O texto de Gustavo Corção que publicamos aqui é parte de um ciclo de conferências realizadas em Belo Horizonte na década de 1950. Apesar de não estar completo, não deixa de ser um exemplar importante das atividades do grande escritor católico, numa época em que Corção era requisitado para constantes palestras, entrevistas e artigos. Depois o mundo girou, os polos foram deslocados, os homens tornaram-se cúmplices da Revolução num mundo evolutivo e estagnado no nada. Já não lhes interessava a firmeza da verdade e da fé que Gustavo Corção guardou e ensinou até a morte.

Editora Permanência

DEUS MARCOU ENCONTRO CONOSCO

VI Conferência de Belo Horizonte

Como ninguém aqui ignora, creio eu, a Igreja preceitua que os seus filhos, ao menos uma vez por ano, confessem e comunguem, isto é, que ao menos um dia em trezentos e sessenta e cinco dias se lembrem de usar o Sangue de Cristo, derramado para a nossa salvação. Esta é a condição, é o mínimo que Deus, por sua igreja, exige de nós, para que sejamos contados entre os membros vivos do Corpo Místico do Cristo.

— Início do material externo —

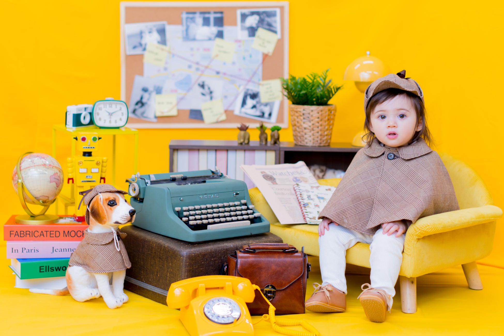 メインカラーにはビビットな黄色をチョイス。探偵事務所をイメージさせるビンテージのタイプライターやダイヤル式の電話など、懐かしさを感じさせる小物の数々で、映画のワンシーンのような写真が残せます

Para quem está habituado à vista da Igreja, e usa de seus bens com assiduidade, esse mínimo se afigura esquisito. Como é possível amar a Deus e somente uma vez, em trezentos e sessenta e cinco dias, procurar o socorro de seus sacramentos? Como é possível amar de tão longe, e com tão descuidado dever? E, sobretudo, como é possível agüentar a pressão do mundo, a atração das pompas, a sedução do pecado sem o socorro particularmente eficaz da Penitência e da Eucaristia?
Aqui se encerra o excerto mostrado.